Task item
Please give the records below again in full, exactly, with the images left out.
Records Block Start
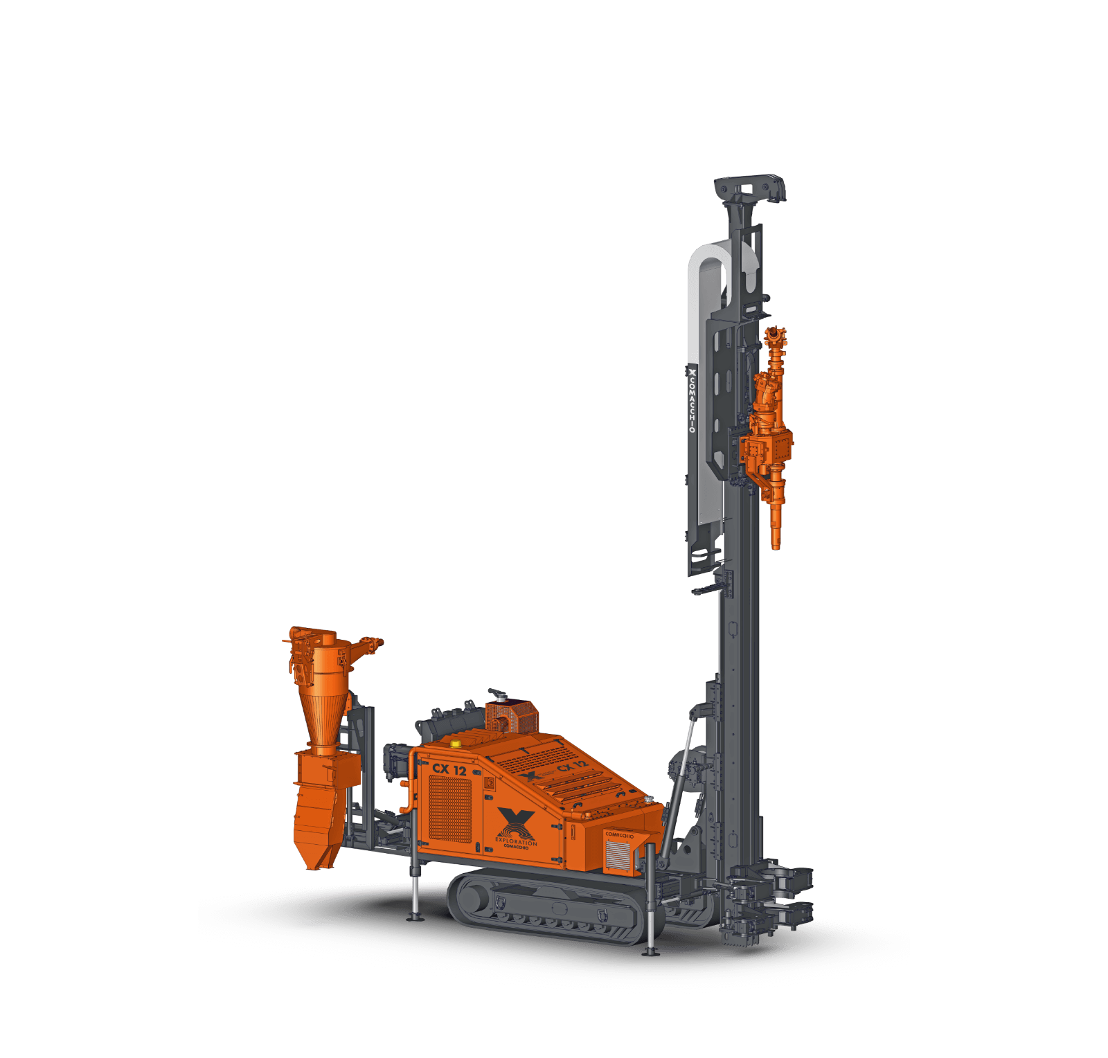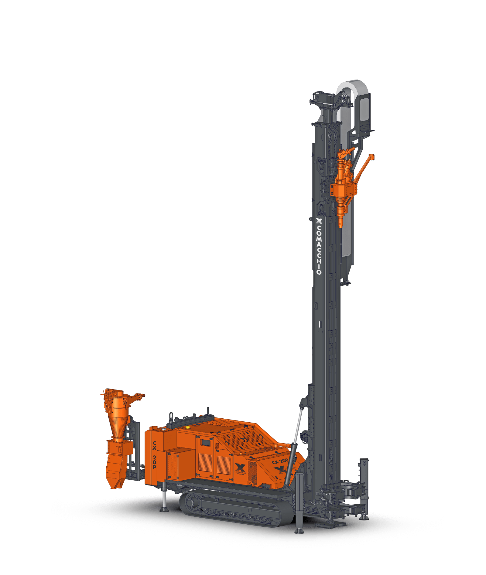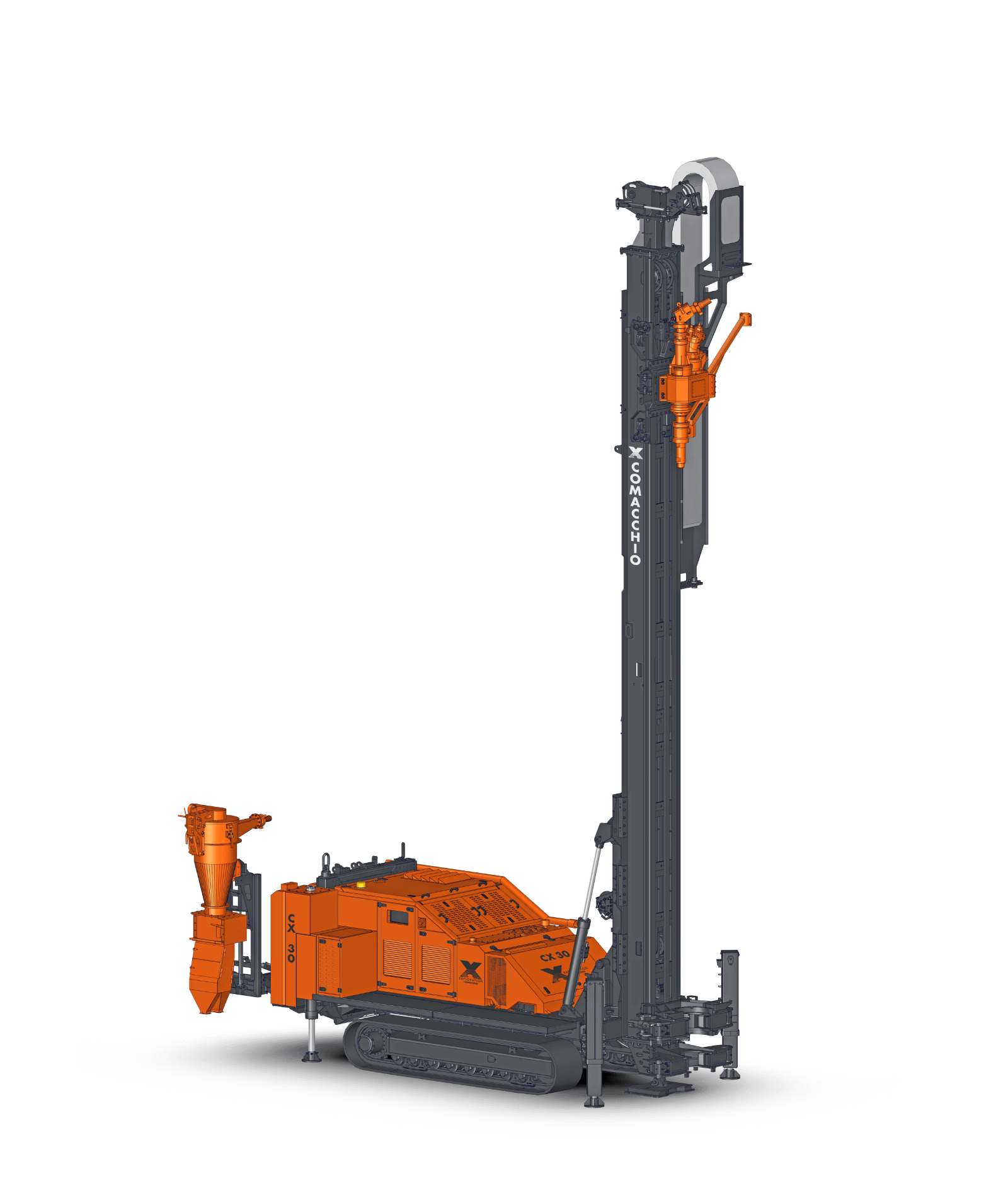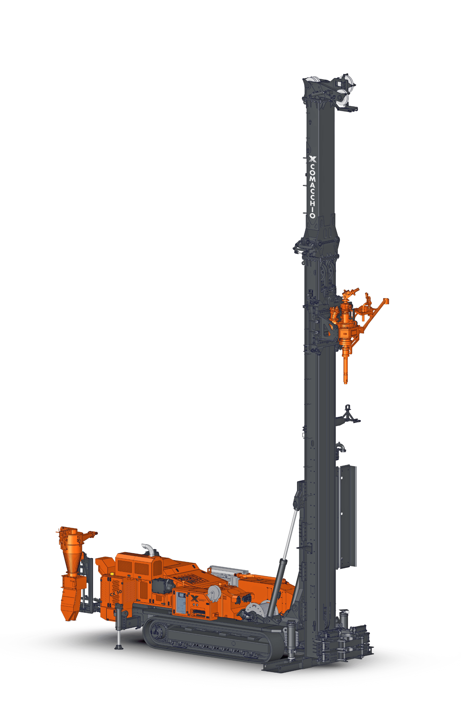 Comacchio X reverse circulation rigs are built on CRAWLER or TRUCK-MOUNTED carriers, providing excellent mobility across a wide range of working conditions. A robust frame and reinforced mast design ensure accurate drill string alignment and structural stability, even during angled and inclined drilling operations. These high-performance rigs integrate advanced modular hydraulic circuits, enabling optimal power distribution to critical systems such as high-torque rotary heads, high-capacity air compressors, and cyclone sampling units. This fully integrated design ensures efficient energy transfer, consistent drilling performance, and maximum productivity in demanding RC applications. Operator protection is a key design priority. The rigs are equipped with guarded components, automated drilling controls, and optional hands-free rod handling systems, significantly reducing exposure to hazards, minimizing operator fatigue, and improving overall safety and operational efficiency on site.
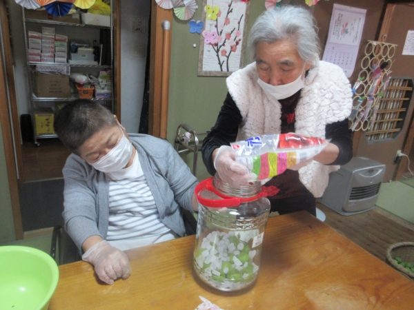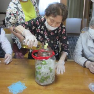 煮沸した瓶に氷砂糖と南高梅を交互に入れていき
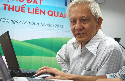 Luật gia Nguyễn Thái Sơn (nguyên Trưởng phòng Thuế thu nhập cá nhân Cục Thuế TP.HCM) đang trả lời tại buổi giao lưu trực tuyến. Ảnh: H.VI
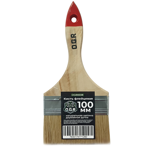 Кисть плоская 100мм OGR, деревянная ручка, натур. щетина
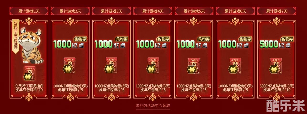 只要你在2月1日至2月10日内,累计游戏7天,还能直接领取5000NZ点购物券(3天)、虎年红包碎片(10)
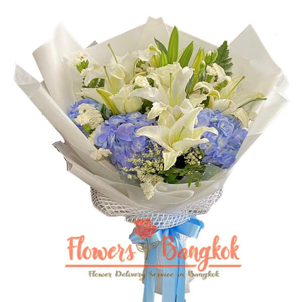 If you’re looking for a truly special floral gift, the Flower Heaven bouquet from Flowers-Bangkok is an excellent choice. This bouquet features elegant white lilies, which symbolize purity, innocence, and hope. White lilies are often given to show appreciation, admiration, and gratitude, making them a perfect choice for many occasions. The blue hydrangea inflorescences in this bouquet represent loyalty, trust, and deep feelings, making them a great complement to the white lilies. This combination of flowers creates a truly meaningful and beautiful bouquet that’s perfect for Mother’s Day, birthdays, anniversaries, and other special occasions.
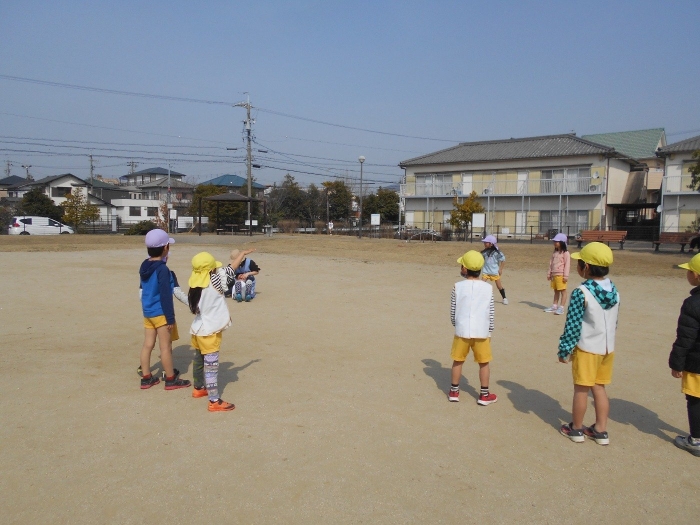 鶴喰公園では、持参した縄跳びやドッヂビーで遊んだり、公園の遊具を楽しんだりし、クラスのお友だちと存分に遊びました。卒業まであと少しですが、今日もまた1つ素敵な思い出ができました♡
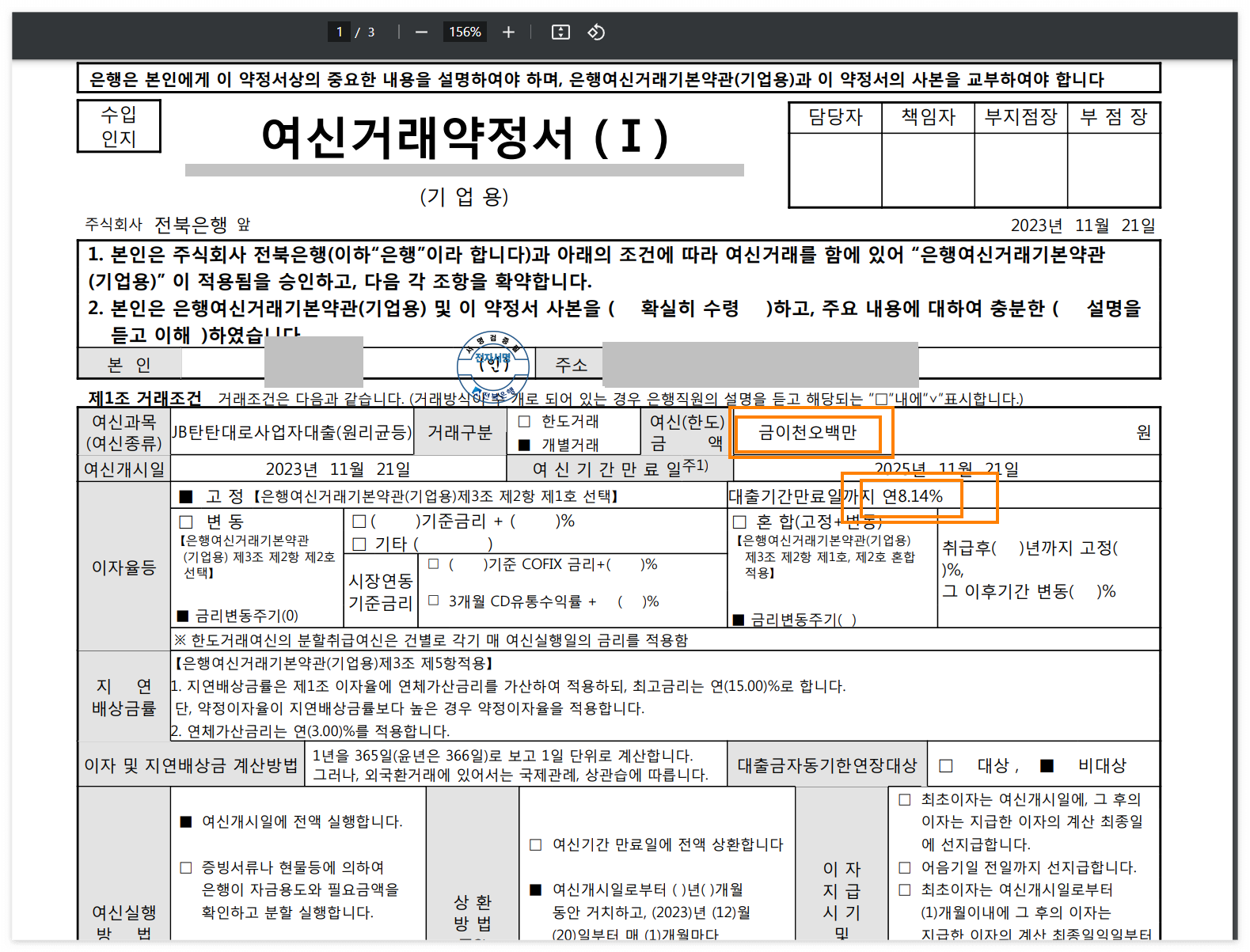 못 믿어 하실 분들이 계셔서 제가 받은 여신 거래 약정서를 아래와 같이 보여 드립니다
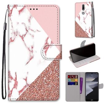 For Nokia 2.4 Coloured Drawing Cross Texture Horizontal Flip PU Leather Case with Holder & Card Slots & Wallet & Lanyard(Pink Stone Texture)
Records Block End
Solution to this task
 Comacchio X reverse circulation rigs are built on CRAWLER or TRUCK-MOUNTED carriers, providing excellent mobility across a wide range of working conditions. A robust frame and reinforced mast design ensure accurate drill string alignment and structural stability, even during angled and inclined drilling operations. These high-performance rigs integrate advanced modular hydraulic circuits, enabling optimal power distribution to critical systems such as high-torque rotary heads, high-capacity air compressors, and cyclone sampling units. This fully integrated design ensures efficient energy transfer, consistent drilling performance, and maximum productivity in demanding RC applications. Operator protection is a key design priority. The rigs are equipped with guarded components, automated drilling controls, and optional hands-free rod handling systems, significantly reducing exposure to hazards, minimizing operator fatigue, and improving overall safety and operational efficiency on site.
 煮沸した瓶に氷砂糖と南高梅を交互に入れていき
 Luật gia Nguyễn Thái Sơn (nguyên Trưởng phòng Thuế thu nhập cá nhân Cục Thuế TP.HCM) đang trả lời tại buổi giao lưu trực tuyến. Ảnh: H.VI
 Кисть плоская 100мм OGR, деревянная ручка, натур. щетина
 只要你在2月1日至2月10日内,累计游戏7天,还能直接领取5000NZ点购物券(3天)、虎年红包碎片(10)
 If you’re looking for a truly special floral gift, the Flower Heaven bouquet from Flowers-Bangkok is an excellent choice. This bouquet features elegant white lilies, which symbolize purity, innocence, and hope. White lilies are often given to show appreciation, admiration, and gratitude, making them a perfect choice for many occasions. The blue hydrangea inflorescences in this bouquet represent loyalty, trust, and deep feelings, making them a great complement to the white lilies. This combination of flowers creates a truly meaningful and beautiful bouquet that’s perfect for Mother’s Day, birthdays, anniversaries, and other special occasions.
 鶴喰公園では、持参した縄跳びやドッヂビーで遊んだり、公園の遊具を楽しんだりし、クラスのお友だちと存分に遊びました。卒業まであと少しですが、今日もまた1つ素敵な思い出ができました♡
 못 믿어 하실 분들이 계셔서 제가 받은 여신 거래 약정서를 아래와 같이 보여 드립니다
 For Nokia 2.4 Coloured Drawing Cross Texture Horizontal Flip PU Leather Case with Holder & Card Slots & Wallet & Lanyard(Pink Stone Texture)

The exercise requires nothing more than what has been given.